- The paper evaluates three GAN architectures (DCGAN, ProGAN, CycleWGAN) for their effectiveness in synthesising handwritten music sheets to address data scarcity for Optical Music Recognition (OMR).
- Among the evaluated models, CycleWGAN demonstrated superior performance in generating realistic handwritten music images, achieving better FID and KID scores than DCGAN and ProGAN.
- This research provides valuable insights for improving OMR systems by enabling synthetic data generation and highlights areas for future work, such as integrating diffusion models or refining symbol transfer.
Synthesising Handwritten Music with GANs: A Comprehensive Evaluation of CycleWGAN, ProGAN, and DCGAN
The paper "Synthesising Handwritten Music with GANs: A Comprehensive Evaluation of CycleWGAN, ProGAN, and DCGAN" addresses a significant gap in the domain of Optical Music Recognition (OMR). The authors tackle the challenge of generating synthetic handwritten music sheets, essential for the training and improvement of OMR systems. Given the scarcity of annotated datasets for handwriting recognition in music, this research evaluates the effectiveness of three distinct Generative Adversarial Network (GAN) architectures: DCGAN, ProGAN, and CycleWGAN.
Background and Motivation
Handwritten music sheets, prevalent in historical archives, pose significant challenges for digitisation due to diverse handwriting styles and poor image quality. While recent deep learning advancements have improved Automatic Music Recognition (AMR) for printed scores, handwritten scores remain problematic due to limited dataset availability.
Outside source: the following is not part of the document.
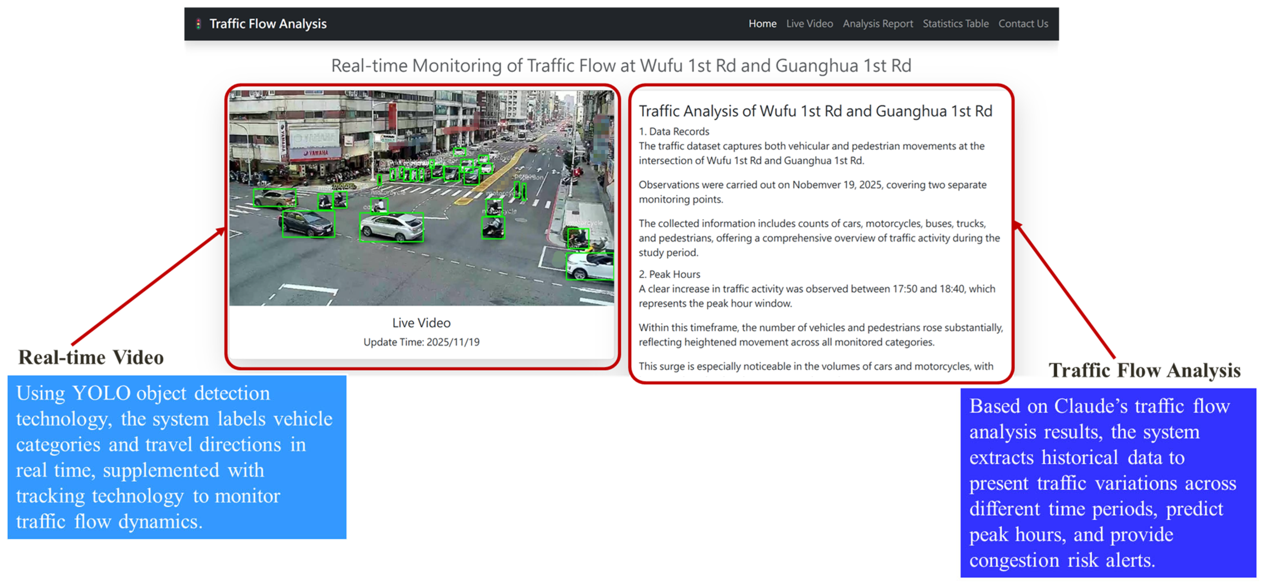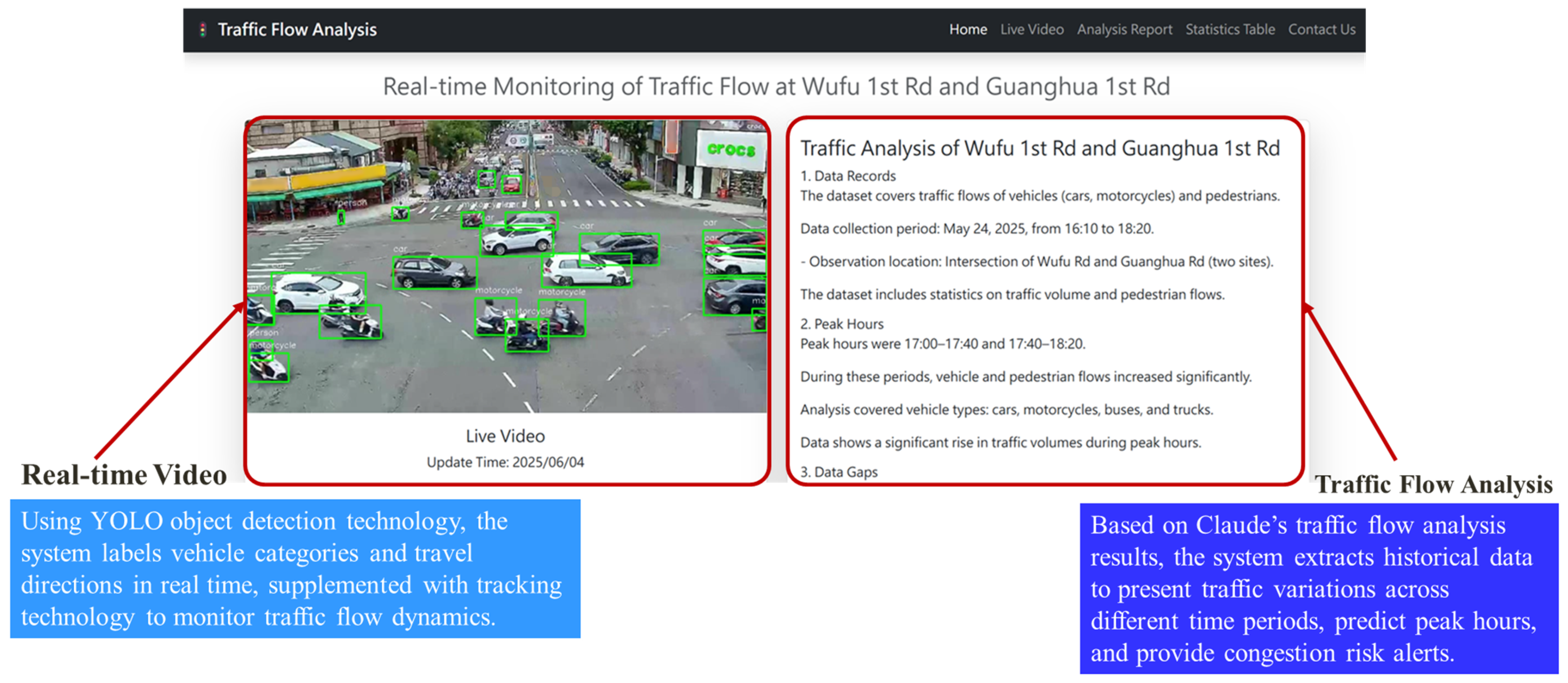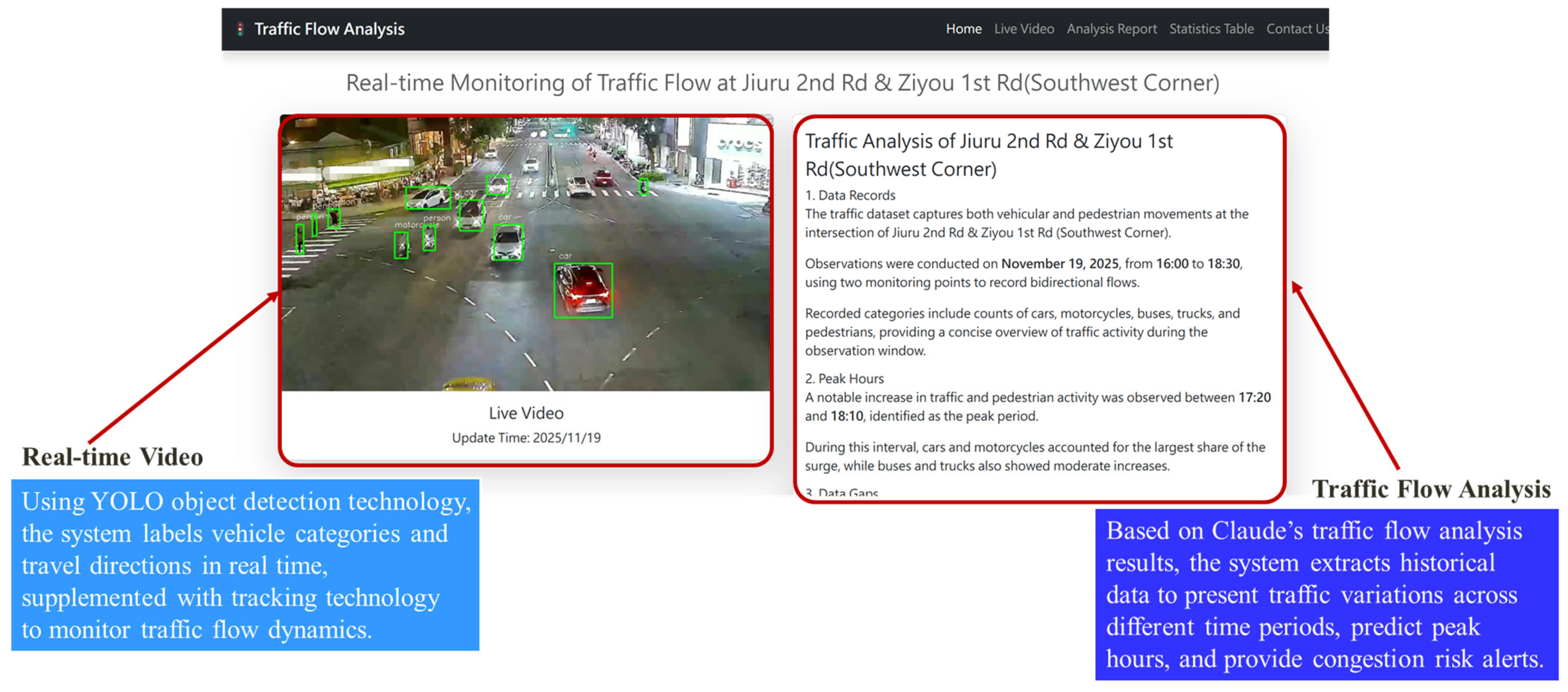| Peak Hour Analysis | Simplified as mainly 18:10–19:00 | Pinpoints 18:10–19:00, highlighting peak for vehicles and motorcycles | Identifies dual peaks at 07:00–09:00 and 17:00–19:00 |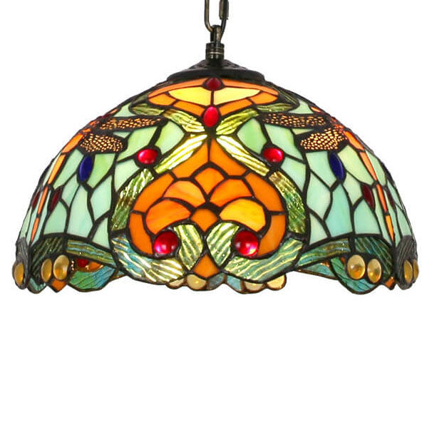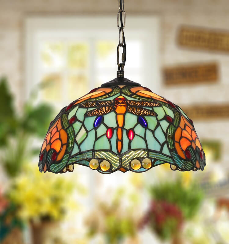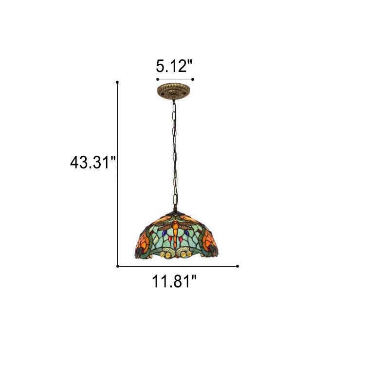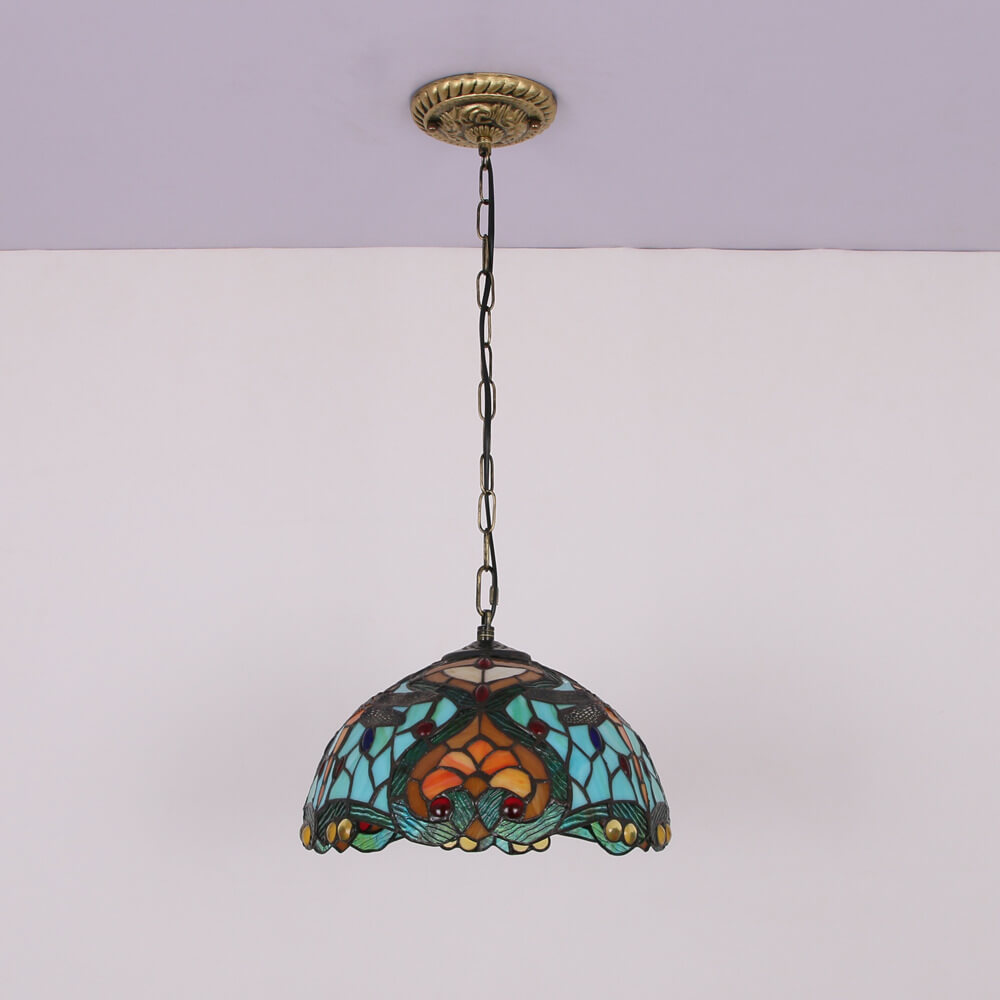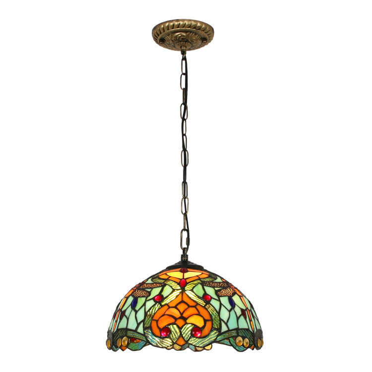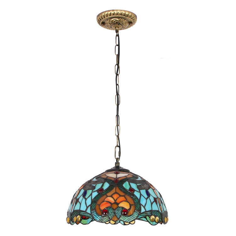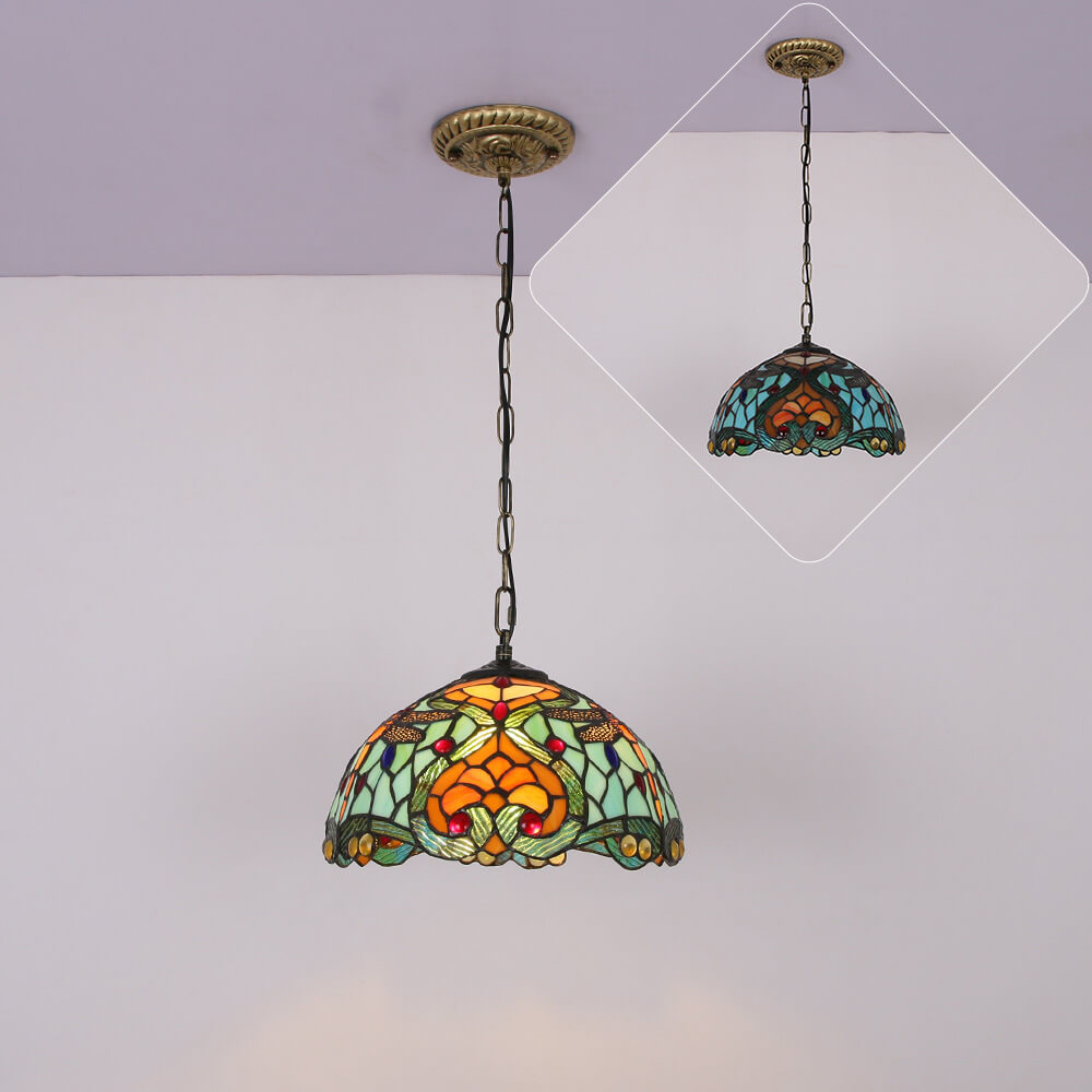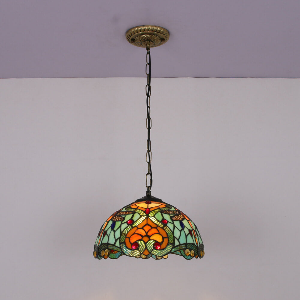 مصباح معلق معدني من الزجاج الملون من تيفاني بتصميم أوروبي عتيق مزود بمصباح واحد

GANs emerge as a viable approach to generate synthetic training data due to their unsupervised learning capabilities.
Methodology
The study employs the CVC-MUSCIMA dataset for handwritten patterns paired with the DoReMi dataset for printed scores, facilitating a comprehensive style transfer between printed and handwritten music. Extensive data augmentation ensured a robust dataset for training. To compare GAN model performance:
- DCGAN was used as a baseline, employing convolutional layers to maintain spatial coherence, although it faced resolution and mode collapse issues.
- ProGAN employed a progressive training approach to generate higher-resolution images incrementally while incorporating Wasserstein GAN with Gradient Penalty (WGAN-GP) for enhanced training stability. Despite improvements, ProGAN struggled with symbol diversity and visual details in intricate handwriting styles.
- CycleWGAN introduced a CycleGAN variant using Wasserstein loss to improve training stability and style transfer. CycleWGAN demonstrates superior performance in generating realistic handwritten music images, although some inaccuracies persist in symbol generation.
Key Results and Analysis
Quantitative and qualitative analyses demonstrated CycleWGAN's superiority. It achieved an FID score of 41.87 and a KID of 0.05, outperforming DCGAN and ProGAN in synthesizing realistic and diverse handwritten music images. However, CycleWGAN still showed challenges with missing symbols and gaps, limiting its immediate applicability for training OMR systems.
Implications and Future Directions
This study's insights contribute significantly to advancing OMR system capabilities by providing a method to generate necessary training data. These improvements are pivotal for broader OMR applications, potentially impacting musicology and digital archiving.
Future research may enhance these models by incorporating diffusion models for detailed image generation and improving CycleWGAN training stability further. Addressing the symbolic transfer gaps using techniques like inpainting or refining training datasets could overcome current limitations, with the ultimate aim of developing a fully automated system capable of synthesizing entire handwritten music sheets.
This work underscores the potential of GANs in handwritten music synthesis and offers a blueprint for future explorations in this domain, promoting both technological advancement in AI-driven music recognition and practical applications in digital musicology.